Since I watched this on DVD not long after it came out it's always bothered me that I didn't like it when so many others seem to consider it such a classic.

So now, almost a decade later in 2010, I've finally watched it again. And like I did with Unbreakable, I have to remind myself how the life of a film can shift and evolve in one's mind. I didn't like that film either until I put myself in a different frame of mind to receive it (after hearing Quentin Tarantino describe it as a movie about Superman if he didn't know who he was).

Since first seeing Donnie Darko I'd read a lot about how the backers toned down the sci-fi element because they wanted the retro 80s love story and characters to be the focus. Consequently the cinema release had almost nothing about the old woman and former science teacher (that made sense) or the book she wrote about time travel.

It was just the story of a lonely, depressed kid (Gyllenhaal in his breakout role) embarking on a tentative relationship with new girl in town Gretchen (Malone), a motivational speaker with a dark secret (Swayze) and a dedicated teacher trying to hold it together (Barrymore, who bankrolled it).

Some of the sci-fi trappings they did leave in (like the long, Abyss-like snakes of supercharged air extending from the characters chests) ended up nonsensical and ridiculous, with no context in the rest of the story. They were the anchors missing the premise they were supposed to be holding together.

But now I've seen it the way Kelly intended, with the entire time travel theory undercurrent, I can finally see the brilliance. With the mythology of Grandma Death's theories of time travel and the figures that enable it like the Manipulated Living, the Manipulated Dead, etc, everything from Gretchen (Malone) to Frank the bunny (Duval) makes sense instead of – in the latter case – just being cool visuals.

In fact, the more cohesive story gives Kelly's dark, imaginative visuals much more emotional heft. Scenes like the one of Donnie tapping the knife against the bedroom mirror are scarily, moodily lit, the ominous sound effects completing the sense of menace and drawing you right in.

I'm sure if you sat down and plotted everything from the appearance of the plane engine to the reveal about Frank's origins you'd find holes like you would any time travel story. But like Primer, you have a good sense the pieces work.

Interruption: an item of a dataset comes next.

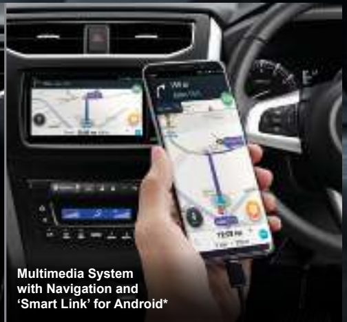
Multimedia System with Navigation and 'Smart Link' for Android*

The plot (if you don't know) is as simple as it is endlessly complex. It's the late 80s, and when a plane loses its engine mid-flight it falls through a sort of portal into the past, landing in the bedroom of troubled teen Donnie. Donnie isn't in his room at the time, because a phantom voice has called him out to the backyard, a mysterious figure in a bunny costume that has the face of an evil demon. The bunny's whispered voice tells Donnie the world will end in 28 days.

What you don't know is that Donnie should have been in his room. That he wasn't is both the cause and effect of the rift in time that saves him, creating an alternate reality that will destroy the world unless he can undo it in time and put things back to rights. The theatrical version didn't even hint at such a protagonist's journey.

It would have been a cool enough time travel story in itself, but Kelly's such a great visualist he puts it in a unique and realistic period setting rather than jokey, slapstick 80s of Hot Tub Time Machine, and he has a solid grasp on the dark and moody.